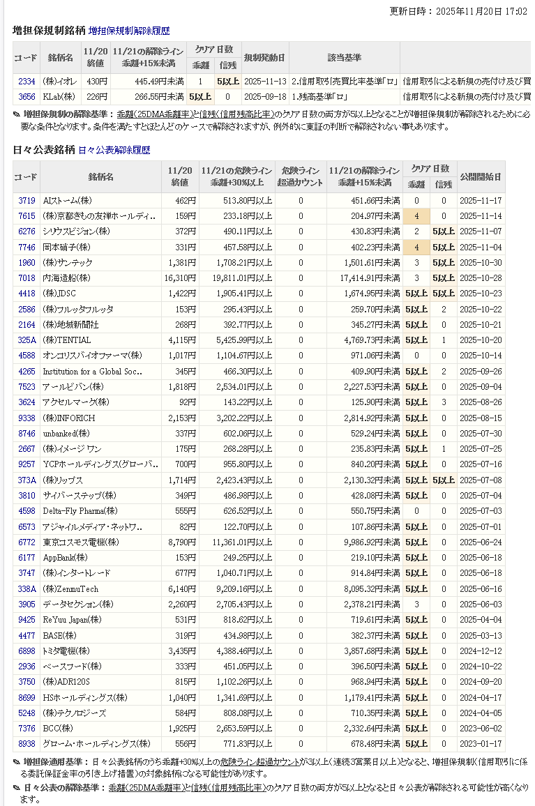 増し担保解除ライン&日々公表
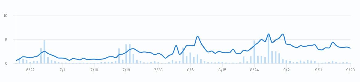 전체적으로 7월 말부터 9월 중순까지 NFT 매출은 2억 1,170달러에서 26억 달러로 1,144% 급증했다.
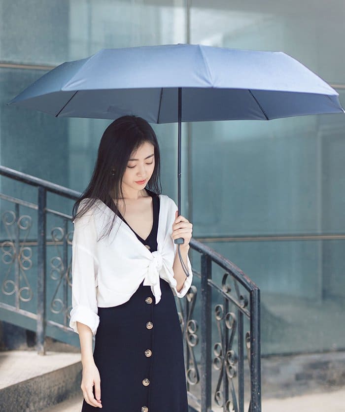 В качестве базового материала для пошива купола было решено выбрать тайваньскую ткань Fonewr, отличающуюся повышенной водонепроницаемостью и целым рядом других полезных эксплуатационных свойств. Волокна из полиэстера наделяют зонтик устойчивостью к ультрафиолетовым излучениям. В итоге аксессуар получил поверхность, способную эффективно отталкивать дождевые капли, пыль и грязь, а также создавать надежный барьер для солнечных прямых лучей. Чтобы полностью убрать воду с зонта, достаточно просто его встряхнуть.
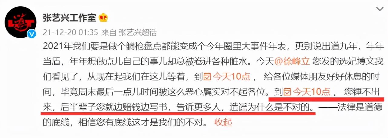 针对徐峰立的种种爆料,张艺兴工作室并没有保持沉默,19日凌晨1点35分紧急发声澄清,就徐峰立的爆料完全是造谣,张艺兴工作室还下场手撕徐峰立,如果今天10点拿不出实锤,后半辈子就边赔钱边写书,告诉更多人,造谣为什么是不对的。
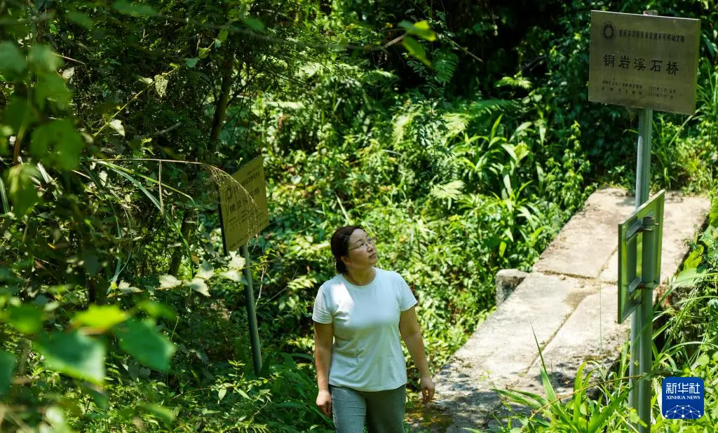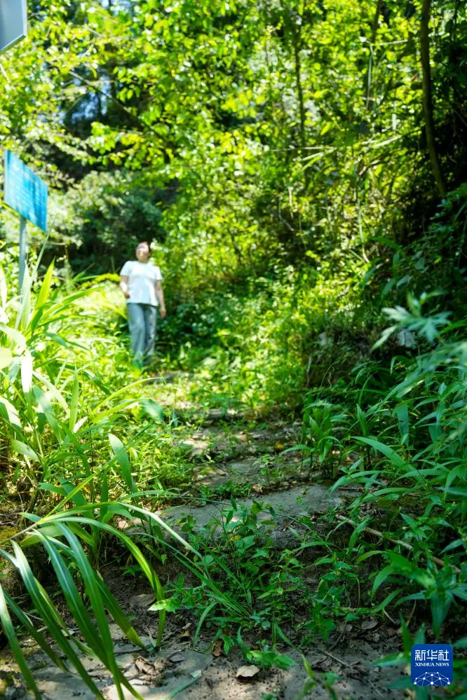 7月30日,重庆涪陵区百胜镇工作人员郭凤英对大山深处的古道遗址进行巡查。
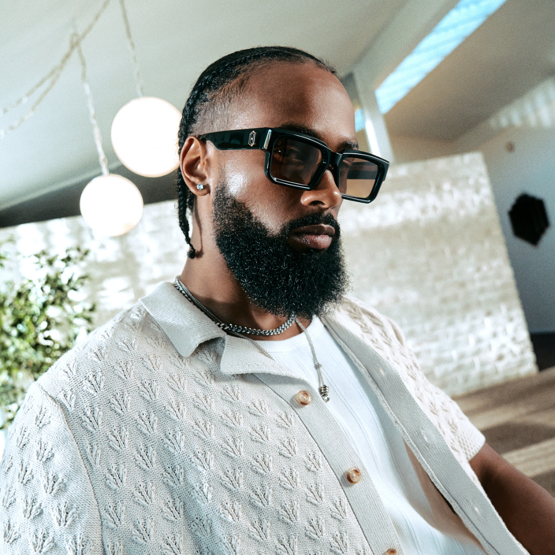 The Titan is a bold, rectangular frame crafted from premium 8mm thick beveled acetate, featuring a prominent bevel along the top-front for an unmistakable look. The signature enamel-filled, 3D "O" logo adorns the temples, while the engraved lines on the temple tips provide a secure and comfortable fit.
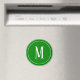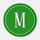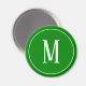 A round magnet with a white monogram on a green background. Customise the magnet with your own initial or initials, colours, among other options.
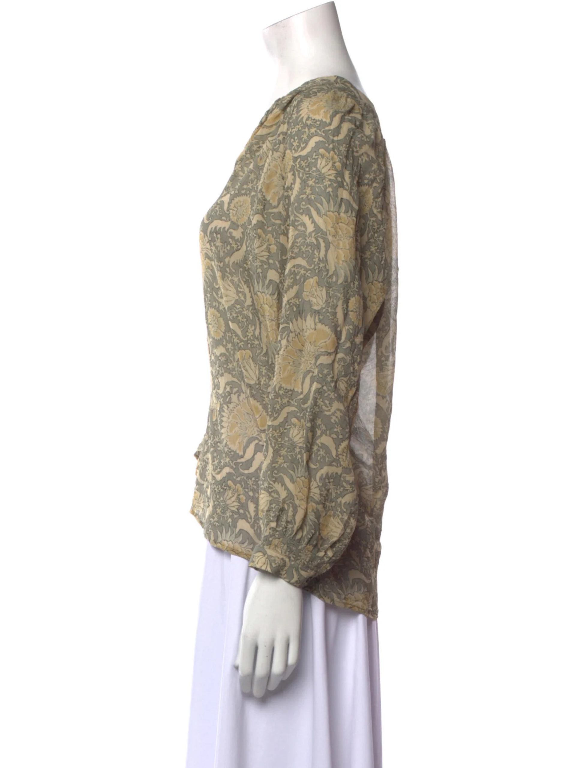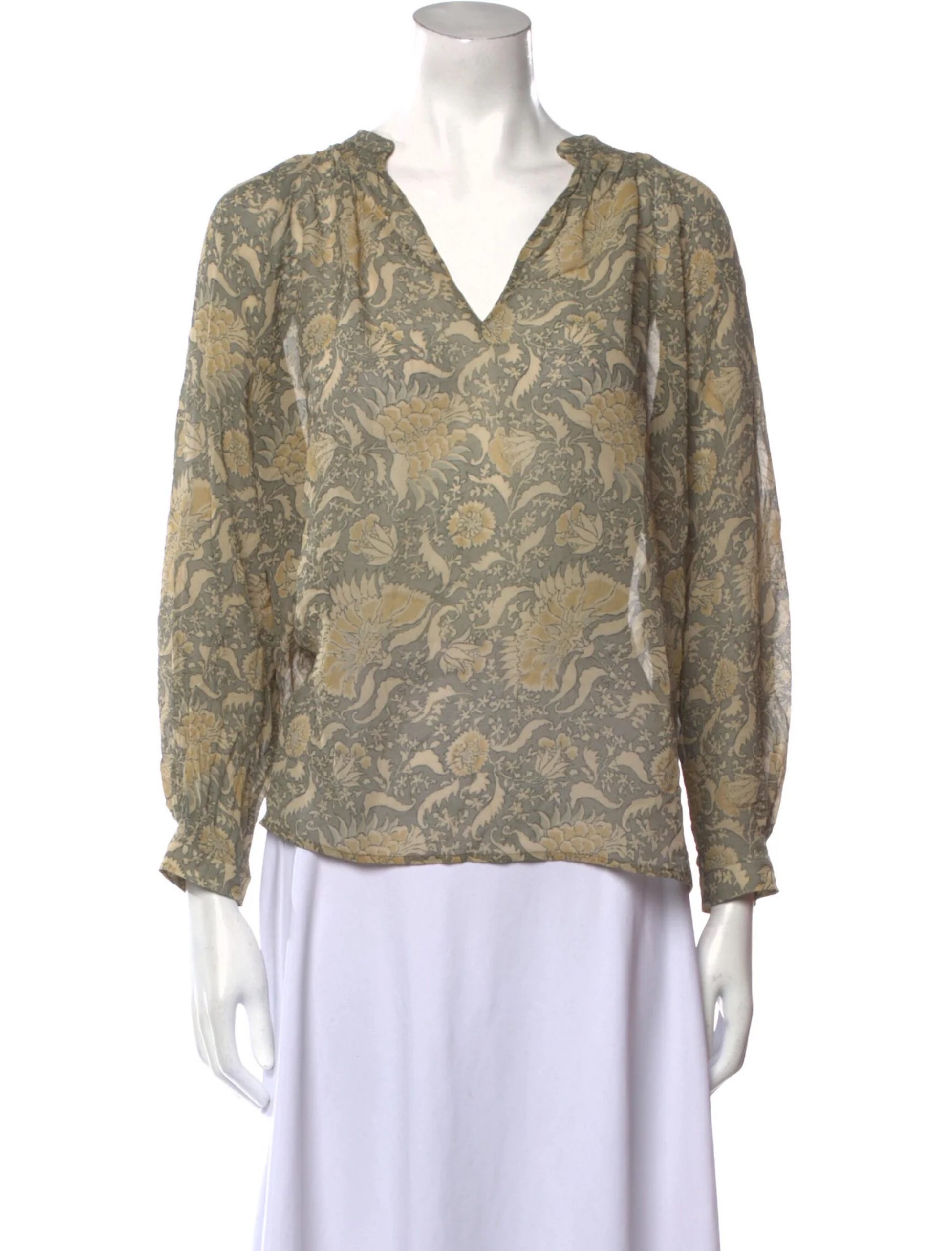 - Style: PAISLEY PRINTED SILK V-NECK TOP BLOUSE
****
* TASK ITEM
What should be set down is every line from the opening of the records through the line that contains "The Titan is", exactly, with pictures left out.

* RESPONSE TO THE EXERCISE
 増し担保解除ライン&日々公表
 전체적으로 7월 말부터 9월 중순까지 NFT 매출은 2억 1,170달러에서 26억 달러로 1,144% 급증했다.
 В качестве базового материала для пошива купола было решено выбрать тайваньскую ткань Fonewr, отличающуюся повышенной водонепроницаемостью и целым рядом других полезных эксплуатационных свойств. Волокна из полиэстера наделяют зонтик устойчивостью к ультрафиолетовым излучениям. В итоге аксессуар получил поверхность, способную эффективно отталкивать дождевые капли, пыль и грязь, а также создавать надежный барьер для солнечных прямых лучей. Чтобы полностью убрать воду с зонта, достаточно просто его встряхнуть.
 针对徐峰立的种种爆料,张艺兴工作室并没有保持沉默,19日凌晨1点35分紧急发声澄清,就徐峰立的爆料完全是造谣,张艺兴工作室还下场手撕徐峰立,如果今天10点拿不出实锤,后半辈子就边赔钱边写书,告诉更多人,造谣为什么是不对的。
 7月30日,重庆涪陵区百胜镇工作人员郭凤英对大山深处的古道遗址进行巡查。
 The Titan is a bold, rectangular frame crafted from premium 8mm thick beveled acetate, featuring a prominent bevel along the top-front for an unmistakable look. The signature enamel-filled, 3D "O" logo adorns the temples, while the engraved lines on the temple tips provide a secure and comfortable fit.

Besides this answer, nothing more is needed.